Copy the data below exactly, but not the pictures it contains.

Records from a data source
☆ ☆ ☆ ☆ ☆ ☆ ☆
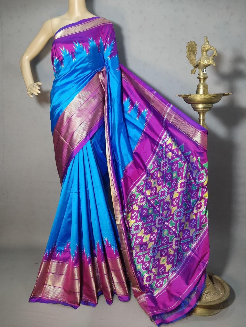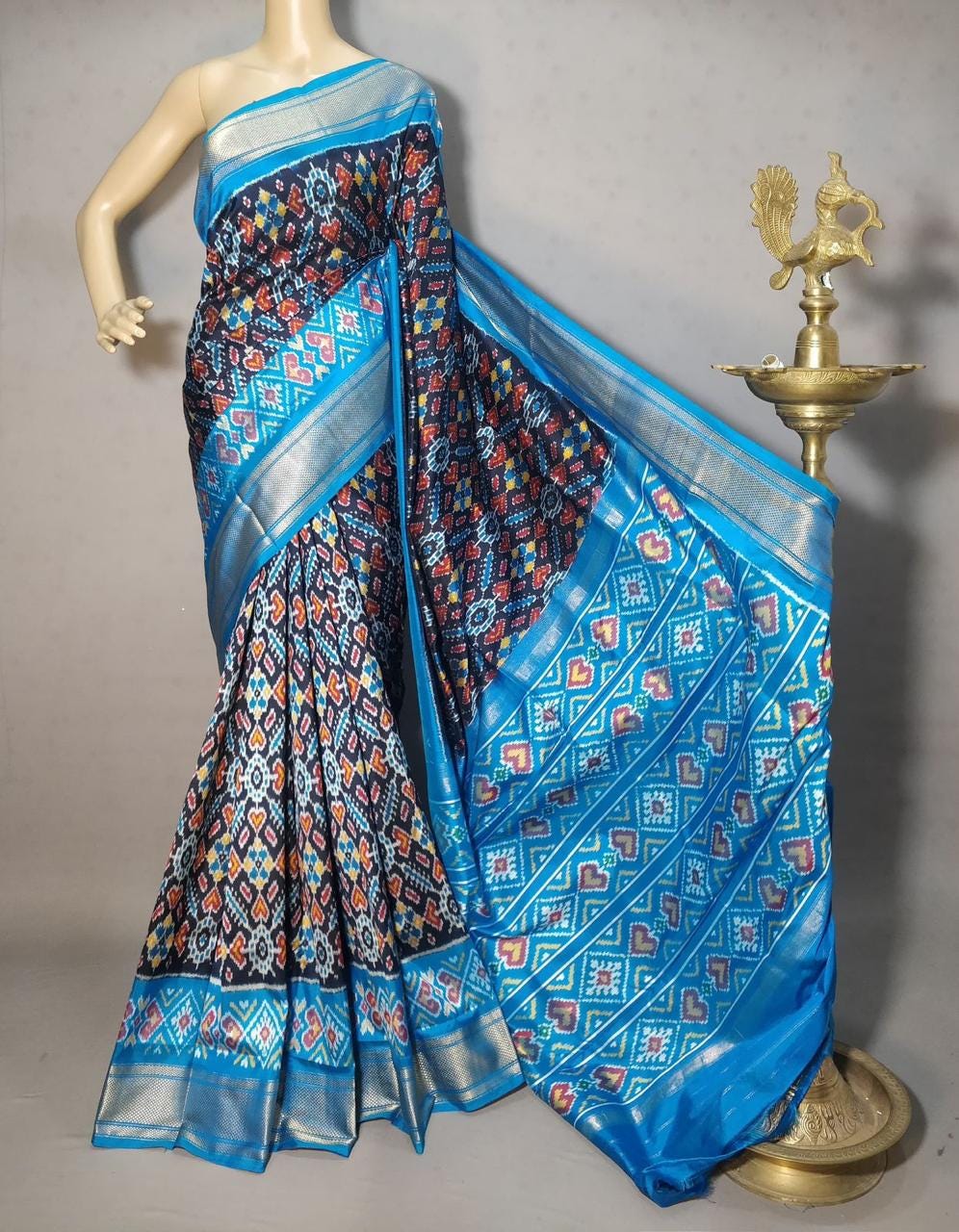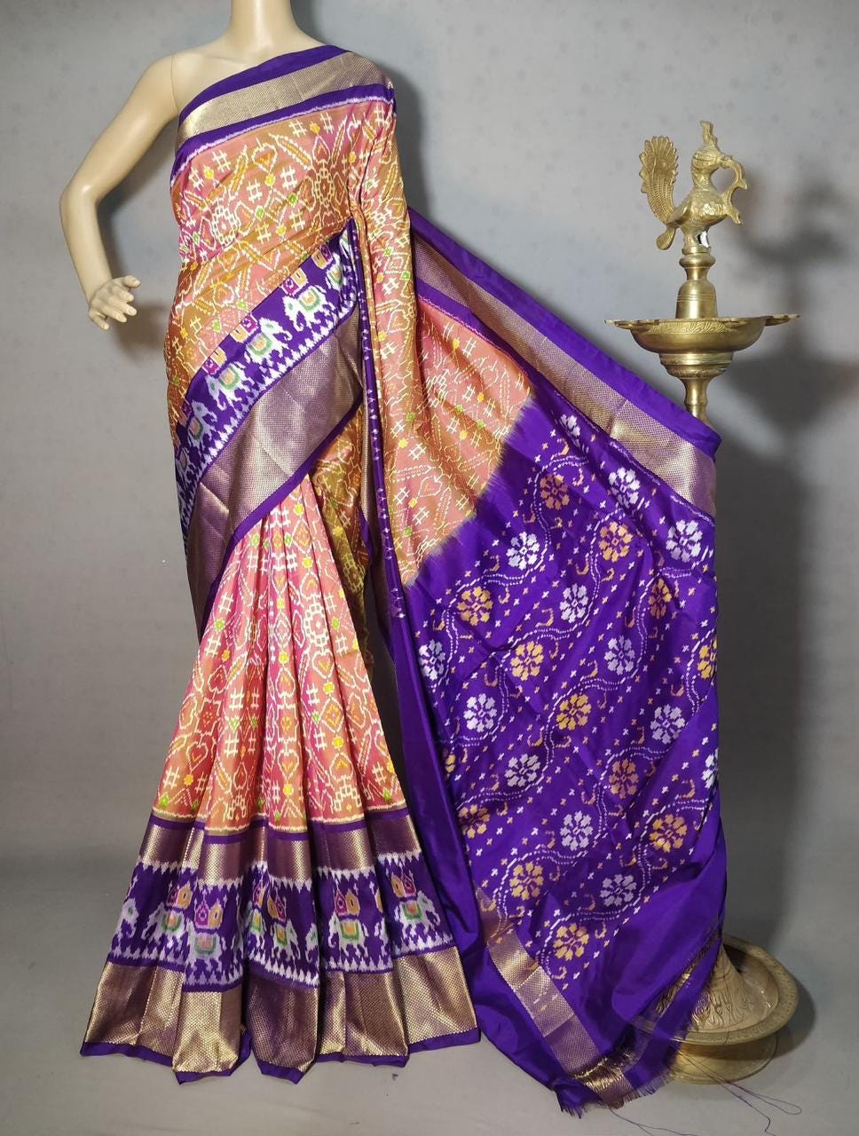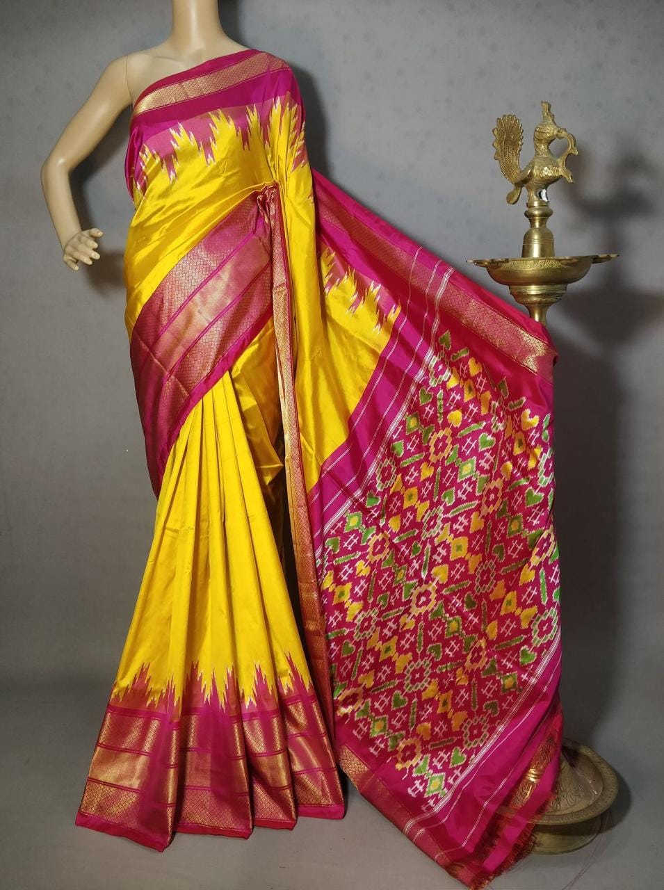 Handloom Double Silk Ikkat Pattu Saree, Silk Mark Certified
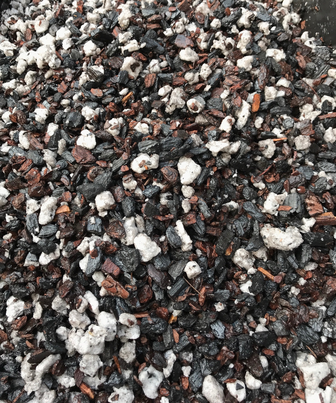This is an alternative mix to using sphagnum moss with Neofinetia. Since the posting of our video, we have found that a combination of medium grade and small grade bark works best for water retention overall, and this mix now consists of a mix of medium and small Orchiata, perlite and charcoal. The ratio is 1/3 of each product, with the bark consisting of a blend of power and classic Orchiata. We previously used growstone instead of perlite, but it is no longer in production so we are using a coarse perlite instead.
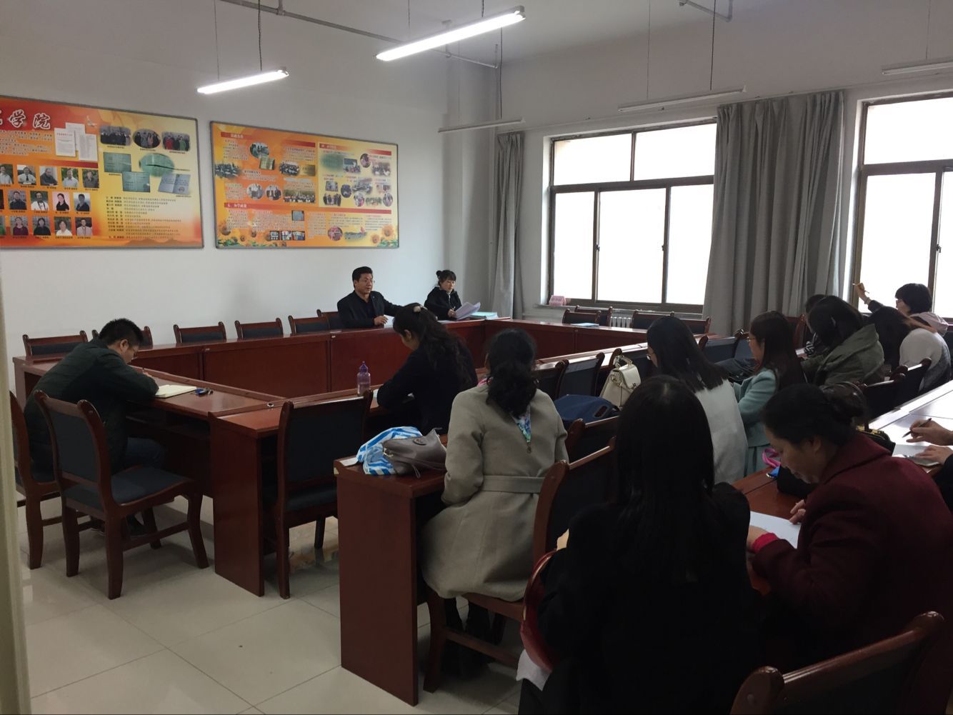 2016年11月18日中午,师范公司召开班主任工作会议,总支书记张明荣同志主持会议。
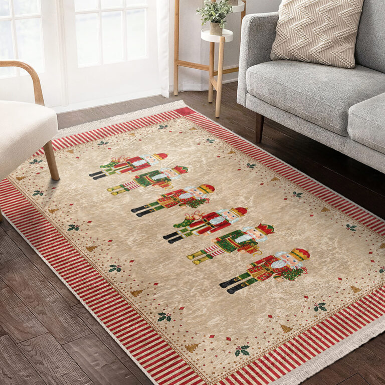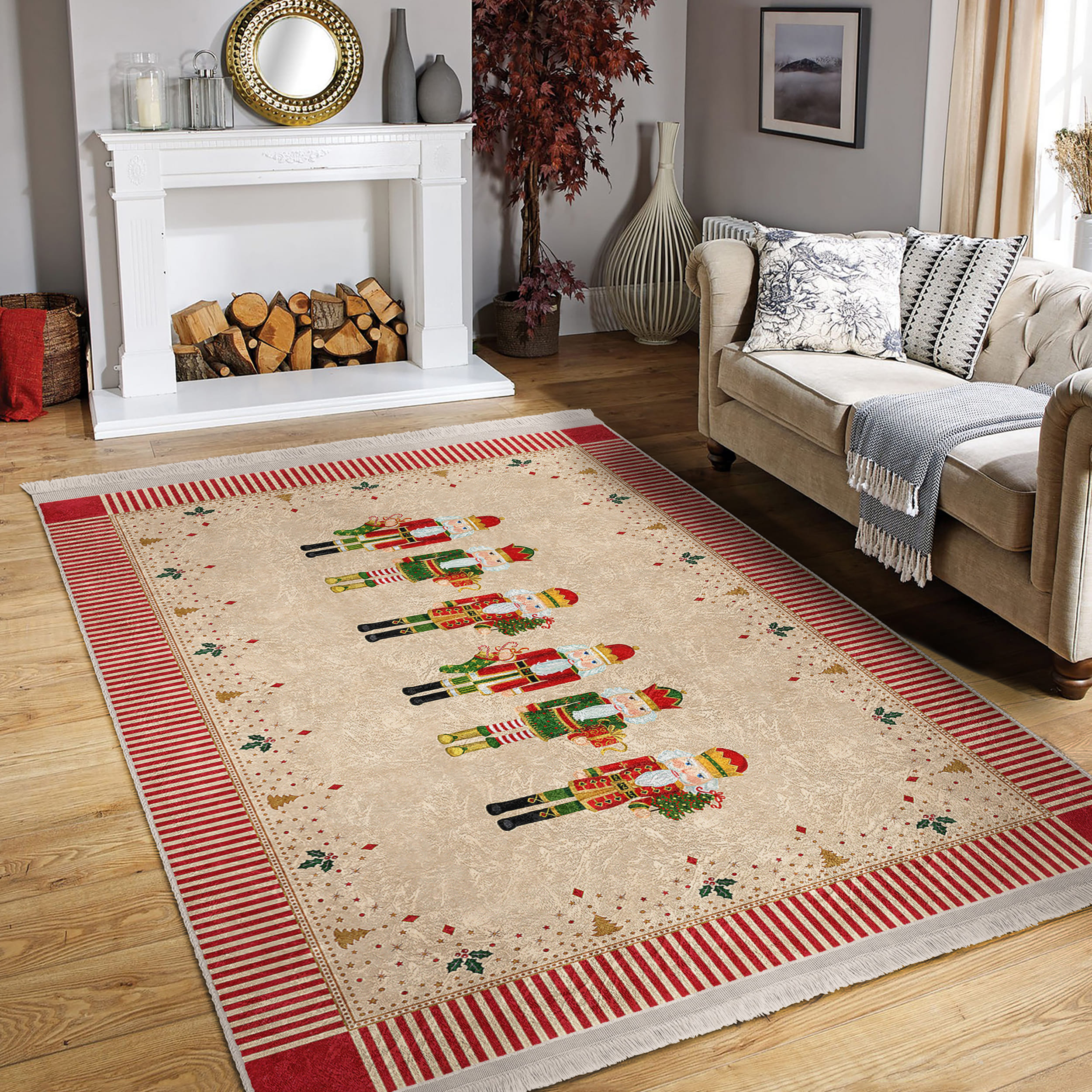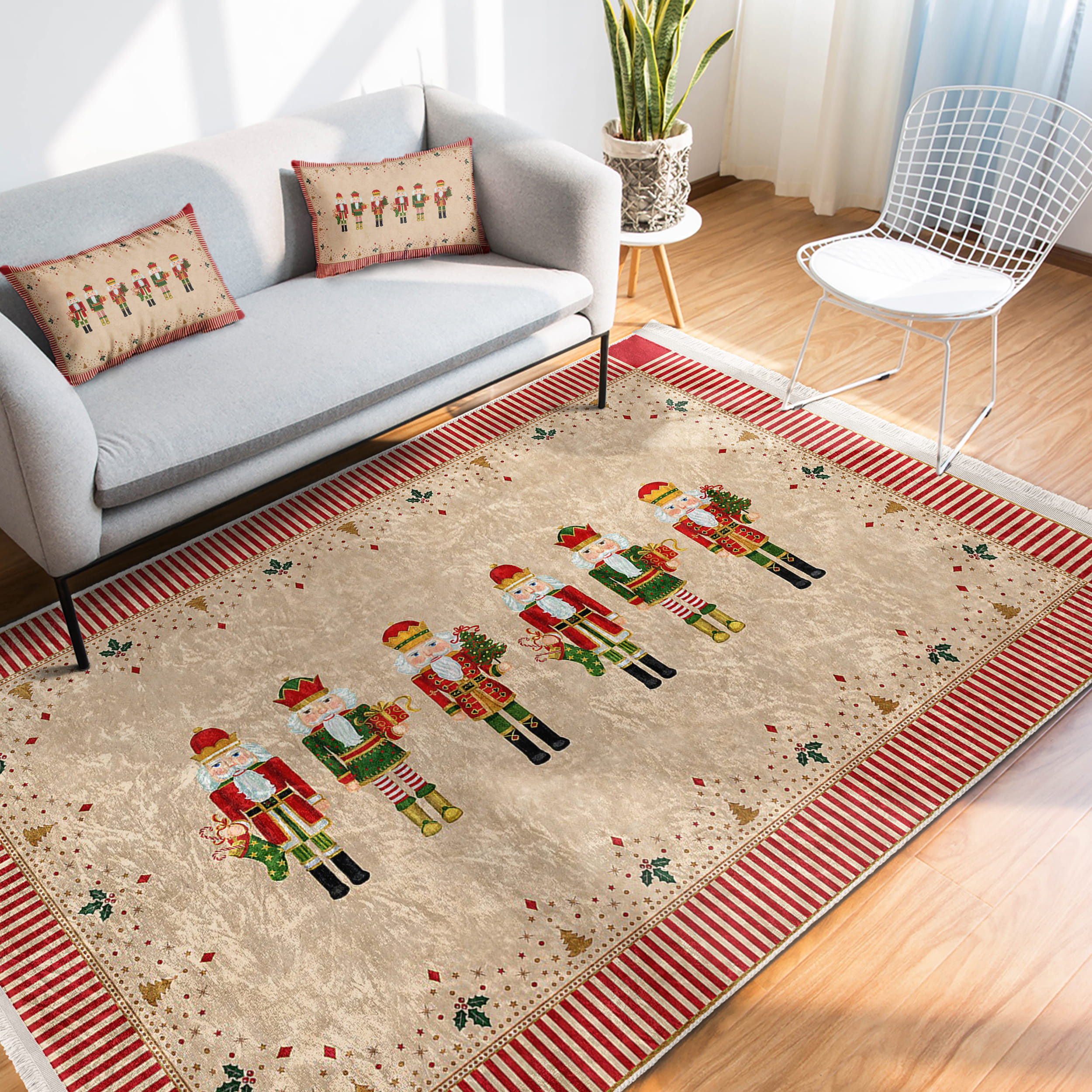 Noel Temalı Çizgi Film Figürleri ile Renkli Şenlik Desenli Salon Halısı – Yıkanabilir Kaymaz Taban
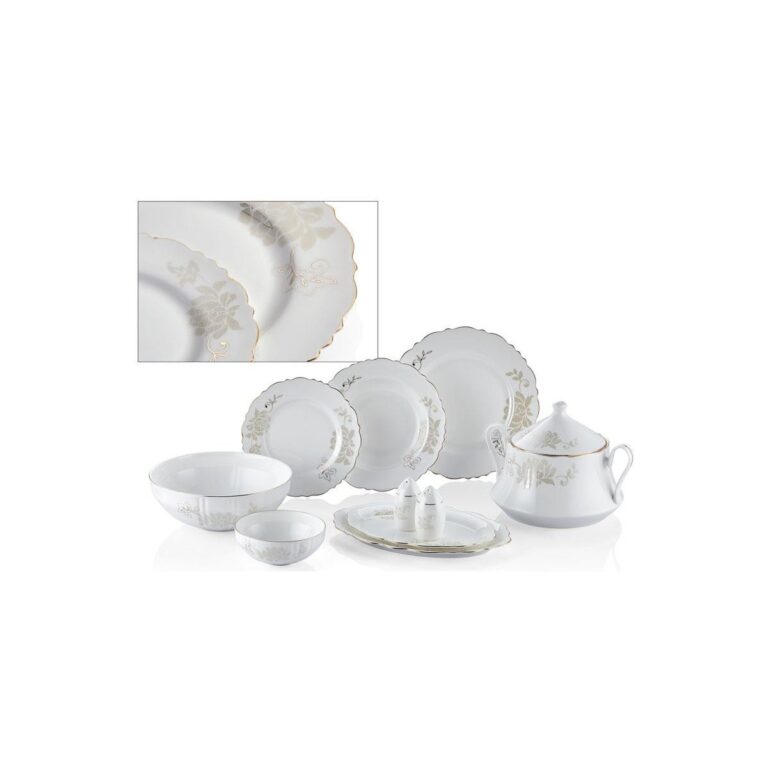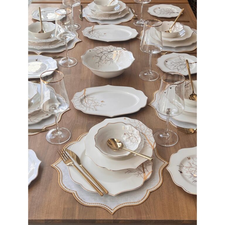 Karaca Stream Bone Geo 59 Parça 12 Kişilik New Bone Yemek Takımı – Beyaz, Altın Detaylı Modern Geometrik Tasarım
☆ ☆ ☆ ☆ ☆ ☆ ☆
TASK ANSWER:
 Handloom Double Silk Ikkat Pattu Saree, Silk Mark Certified
This is an alternative mix to using sphagnum moss with Neofinetia. Since the posting of our video, we have found that a combination of medium grade and small grade bark works best for water retention overall, and this mix now consists of a mix of medium and small Orchiata, perlite and charcoal. The ratio is 1/3 of each product, with the bark consisting of a blend of power and classic Orchiata. We previously used growstone instead of perlite, but it is no longer in production so we are using a coarse perlite instead.
 2016年11月18日中午,师范公司召开班主任工作会议,总支书记张明荣同志主持会议。
 Noel Temalı Çizgi Film Figürleri ile Renkli Şenlik Desenli Salon Halısı – Yıkanabilir Kaymaz Taban
 Karaca Stream Bone Geo 59 Parça 12 Kişilik New Bone Yemek Takımı – Beyaz, Altın Detaylı Modern Geometrik Tasarım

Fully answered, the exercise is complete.